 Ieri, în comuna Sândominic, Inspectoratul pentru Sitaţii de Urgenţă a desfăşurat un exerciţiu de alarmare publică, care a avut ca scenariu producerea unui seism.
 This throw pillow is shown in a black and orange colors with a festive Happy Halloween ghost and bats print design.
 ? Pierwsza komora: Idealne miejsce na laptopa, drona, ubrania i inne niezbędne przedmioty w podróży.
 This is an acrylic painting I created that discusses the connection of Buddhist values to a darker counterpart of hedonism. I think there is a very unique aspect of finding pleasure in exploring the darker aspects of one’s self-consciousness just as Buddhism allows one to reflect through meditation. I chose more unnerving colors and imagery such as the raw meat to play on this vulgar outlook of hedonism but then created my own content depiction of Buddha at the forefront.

...

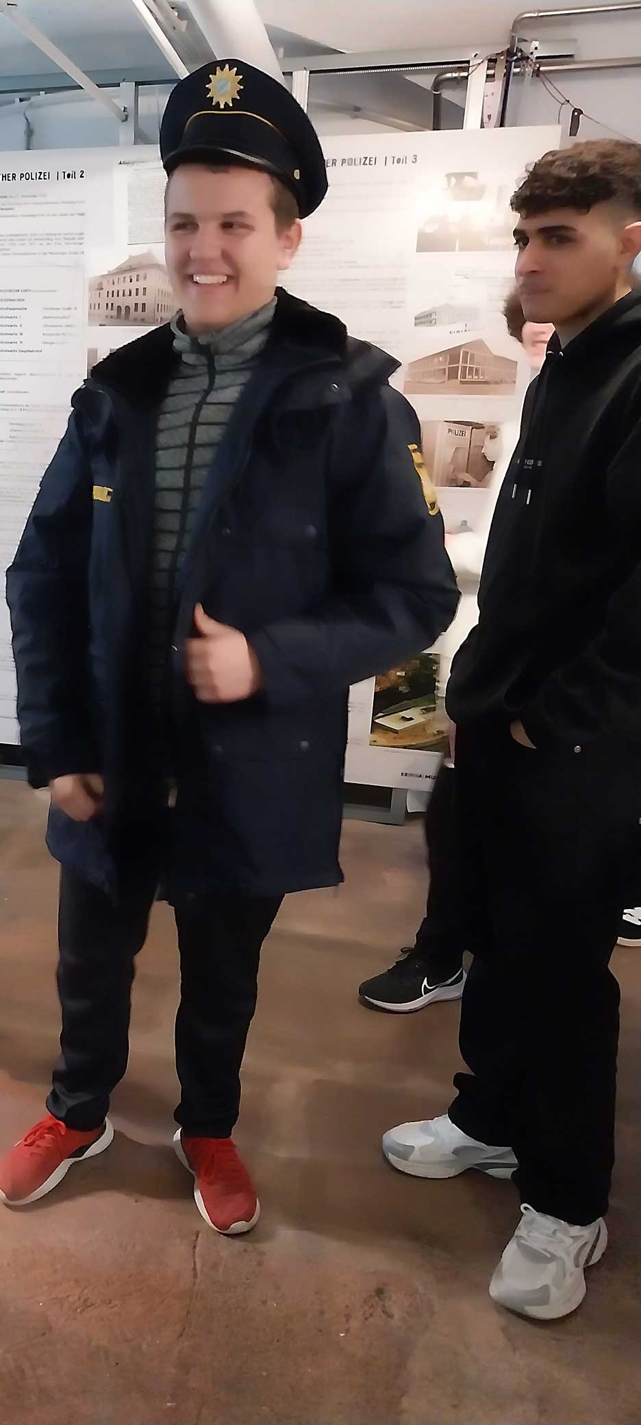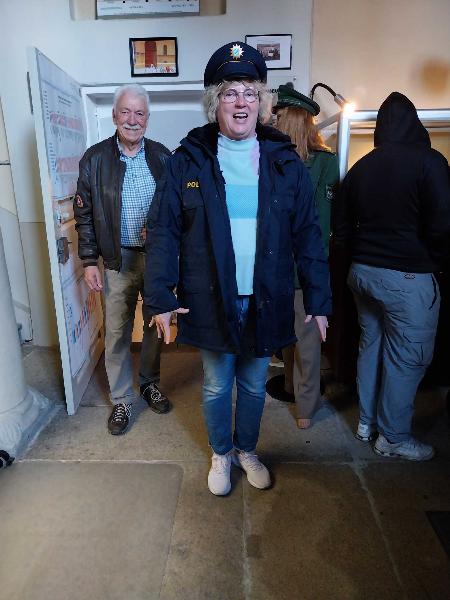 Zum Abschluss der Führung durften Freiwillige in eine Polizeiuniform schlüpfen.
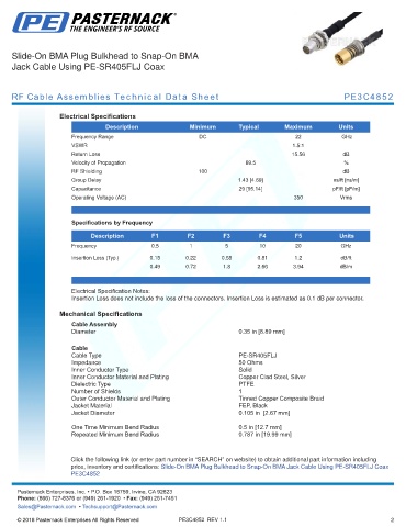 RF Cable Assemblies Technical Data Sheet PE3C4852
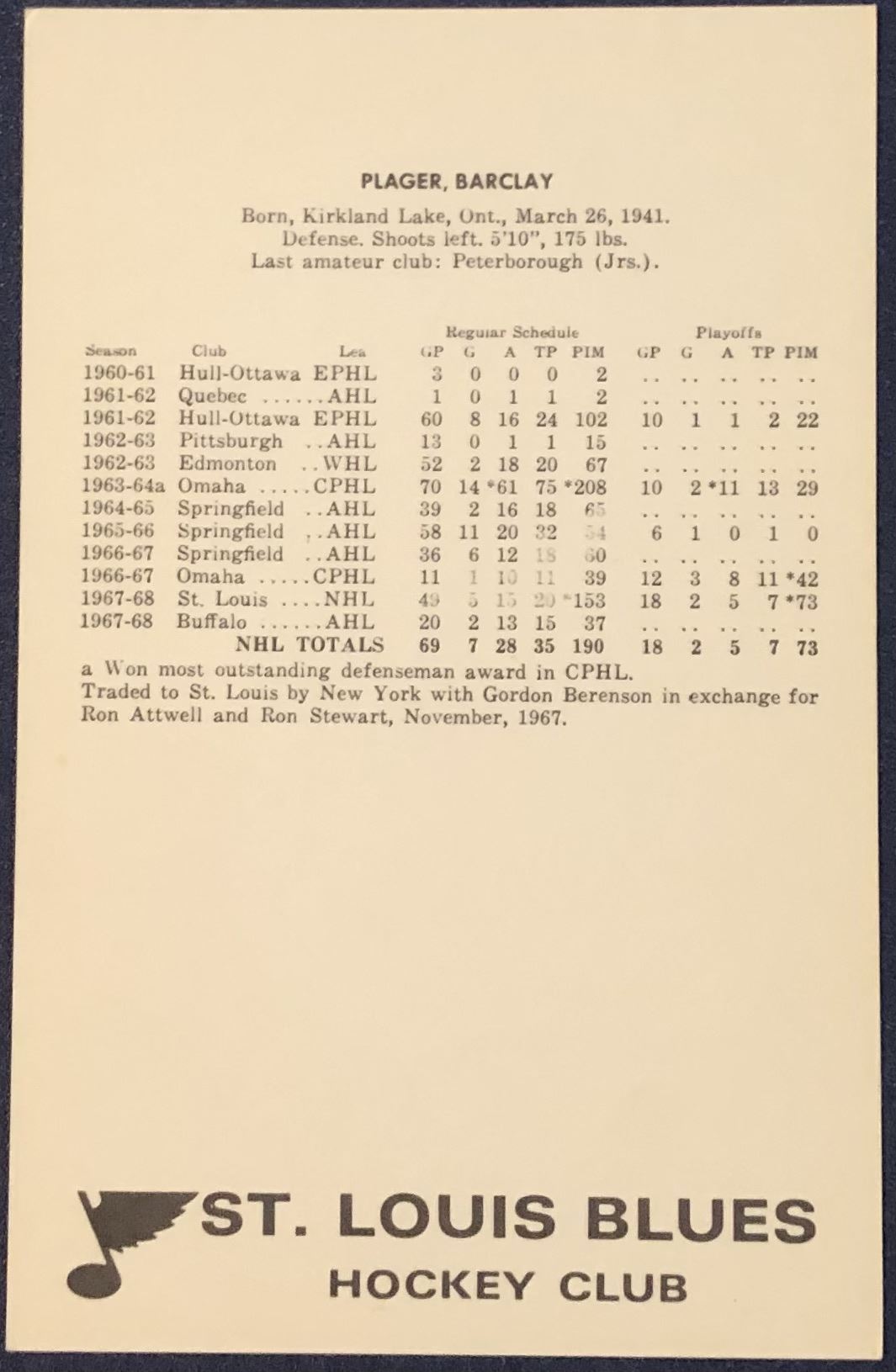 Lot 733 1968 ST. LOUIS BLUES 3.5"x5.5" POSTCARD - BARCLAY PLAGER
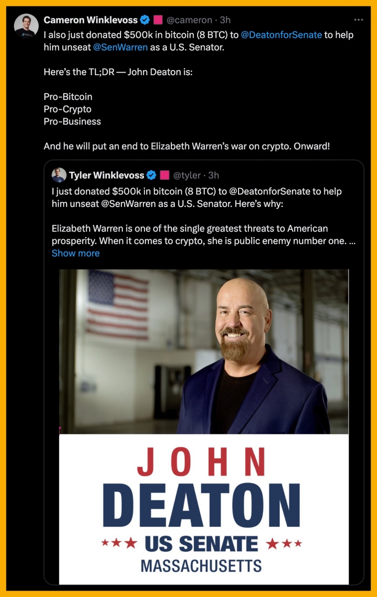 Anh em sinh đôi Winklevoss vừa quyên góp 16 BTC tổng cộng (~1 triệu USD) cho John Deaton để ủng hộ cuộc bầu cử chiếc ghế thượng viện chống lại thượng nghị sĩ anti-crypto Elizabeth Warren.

▸ Assigned task
Could you return exactly the stretch of the data above that starts at the line with "Ieri, în comuna" and ends at the line with "This is an acrylic", both lines included?

▸ Expected answer
 Ieri, în comuna Sândominic, Inspectoratul pentru Sitaţii de Urgenţă a desfăşurat un exerciţiu de alarmare publică, care a avut ca scenariu producerea unui seism.
 This throw pillow is shown in a black and orange colors with a festive Happy Halloween ghost and bats print design.
 ? Pierwsza komora: Idealne miejsce na laptopa, drona, ubrania i inne niezbędne przedmioty w podróży.
 This is an acrylic painting I created that discusses the connection of Buddhist values to a darker counterpart of hedonism. I think there is a very unique aspect of finding pleasure in exploring the darker aspects of one’s self-consciousness just as Buddhism allows one to reflect through meditation. I chose more unnerving colors and imagery such as the raw meat to play on this vulgar outlook of hedonism but then created my own content depiction of Buddha at the forefront.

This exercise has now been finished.